Milen Nikolov

Communicating data is among the most energy expensive routines across different types of wireless networks. For instance, receiving and transmitting data in wireless sensor networks (WSN) consisting of Mica2 nodes running TinyDB applications constitutes about 59% of the total energy consumption. Reducing the amount of data transmitted and/or energy consumed per transmission could lead to longer network lifetimes and significantly impact network functions.

Most fauna organisms have encountered a similar problem (albeit not in the context of wireless communications). Animals sense different environment qualia via large number of sensors, reporting to cortexes organized withing some form of a brain. In many cases, the number of sensors allow for the so-called population coding. Combination of subsets of sensors encode only a particular message. This is highly efficient since it requires only small subsets of neurons to be active and consume energy at a time.

Following a similar population code principle, we introduce encoded sensing (ES) that substantially reduces the energy required for transmission of data.

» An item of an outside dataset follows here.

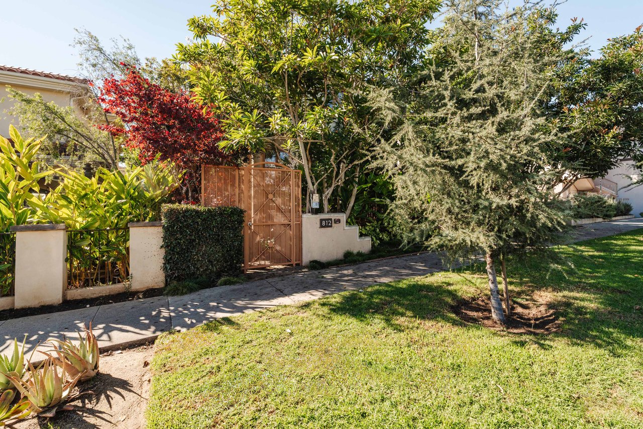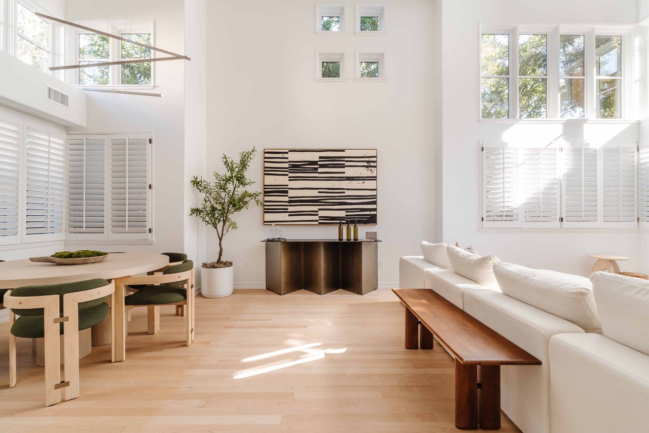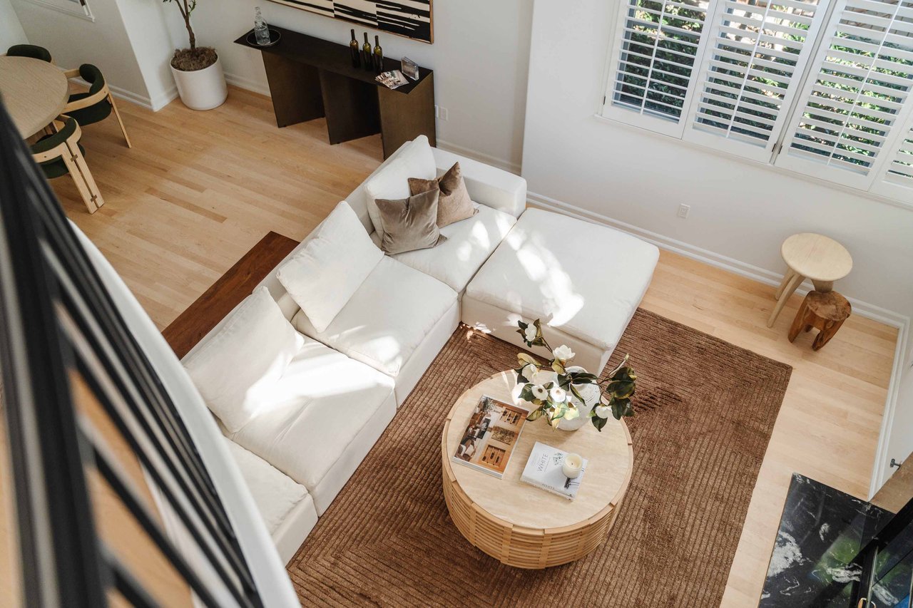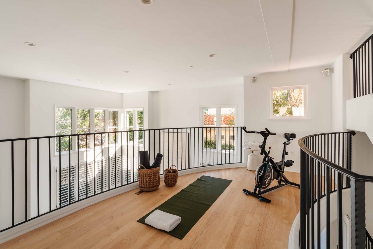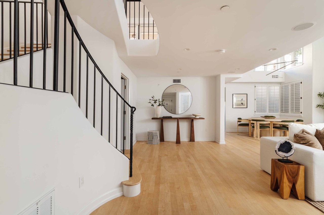Just off Montana Avenue, this front-facing residence is the premier townhome within a gated four-unit Spanish enclave. Extensively renovated by the current owners, the 2,251-SF layout has been thoughtfully elevated with curated materials, bespoke craftsmanship, and a sophisticated modern aesthetic. Double-height ceilings, hardwood floors, clerestory windows, and gallery-style walls create an airy, sunlit great room and entry with a dramatic black stone fireplace grounding the space. The designer kitchen features custom sage cabinetry, slab stone backsplashes, Wolf and Sub-Zero appliances, and a farmhouse sink with picture window looking out to the exterior. Just beyond, an oversized private patio with a fire pit and mature landscaping offers multiple outdoor living and dining area options - perfect for entertaining or relaxation. Upstairs, a spacious lofted office with a built-in nook and covered patio overlooks the main level and provides flexible utility as a studio, gym, or additional lounge. The serene primary suite features vaulted ceilings, a fireplace, balcony, walk-in closet, and a spa-like bath with dual vanities and an oversized shower. A generous secondary bedroom suite includes its own balcony, walk-in closet, and renovated bath. Additional highlights include a renovated powder room, dedicated laundry room, state-of-the-art air and water filtration systems, and a private two-car garage with storage inside the gated subterranean parking. Originally built for the developer’s personal use and situated just feet from Montana Avenue’s boutiques and cafés, this rare offering blends privacy, design, and turnkey luxury in one of Santa Monica’s most sought-after locations.

As shown on the Fig. 1, each subset of a group of sensors (analogous to neurons in a bio system) is responsible for a particular stimulus and transmits (analogous to neurons firing) only when that stimulus is detected. I.e. each sensor has a specific receptive field in the parlance of neuroscience. Based on that principle, we achieve at least double the efficiency of traditional transmission schemes. Inspired by the population code efficiency, we design a sparse direct sequence spread spectrum (DSSS) receiver. The circuitry of the receiver contains Klog(N) vs. N elements of a traditional DSSS receiver. The sparse DSSS receiver is about 60% cheaper to produce (it requires 60% less of the cost-heavy components). More details can be found in our article

Fig. 3: The cortical homunculus; large number of sensors concentrated in certain areas (and representing different fractions of cortical domain) encode selected frames of the environment via population coding.

Fig. 2: Nodes (white) placed uniformly at random. 4 responsible nodes per measurement. 21 in a group. 5985 possible measurements. 36 groups in a network. We require 4 signals vs the 13 needed traditionally.

Fig. 1: The encoding sensing scheme: subsets of sensors assigned to different portions of the measuring spectrum. It is hypothesized that different sensory system such as olfaction could work on a similar principle.